Address more comments.

Thanks!

llvm/lib/XRay/Profile.cpp
187–188 ↗(On Diff #158175)

Duuuuude... :)

This revision was automatically updated to reflect the committed changes.
thakis added a subscriber: thakis.Aug 3 2018, 5:23 AM

(The cmakelists.txt changes added tabs. I fixed in r338880, but maybe check your editor settings. also, phab doesn't do a great job displaying tabs in diffs :-/)

dberris added a subscriber: kpw.Aug 3 2018, 6:04 AM

Oops -- sorry about that, Nico!

/me goes checking editor config settings for cmake files to expand tabs always.

dberris reopened this revision.Aug 6 2018, 9:29 PM

Re-opening since this has been reverted.

This revision is now accepted and ready to land.Aug 6 2018, 9:29 PM
dberris planned changes to this revision.Aug 6 2018, 9:30 PM

Turns out that a move-only type and how we're using this is problematic in some older non-clang compiler. Instead of relying on defaults, I'll implement the semantics that we need for copy to work even if it's much more expensive.

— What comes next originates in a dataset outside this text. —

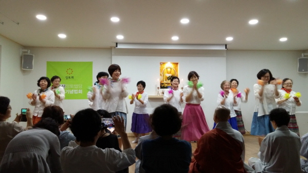 이어진 하이라이트 행사! 대구정토회 연화회 보살님들과 모둠장들의 아름다운 축하공연. 연화회는 만 60세 이상 정회원 보살님들로 구성되었는데, 춤이 아무리 헷갈려도, 무릎이 아파도 연습하고 또 연습하면서 열정은 젊은 보살들 못지않았고, 눈망울은 명문대생들이 울고 갈 정도로 초롱초롱하였습니다. 시어머님 차상옥 보살님과 며느리 박향숙 보살님이 한 무대에 오른 것도 이색적이었습니다. 정토예술공연단을 결성해도 될 만큼 열정적이고 아름다운 무대였습니다.

dberris updated this revision to Diff 161667.Aug 21 2018, 1:45 AM

Updated to implement a copy constructor, a move constructor, and associated assignment operations.

This revision is now accepted and ready to land.Aug 21 2018, 1:45 AM
dberris updated this revision to Diff 161669.Aug 21 2018, 1:52 AM
  • fixup: add test for move assignment

Updated, anybody care to review (again)?

Am going to land this now, since the changes introduced have been very minor (mostly to appease older compilers).

This revision was automatically updated to reflect the committed changes.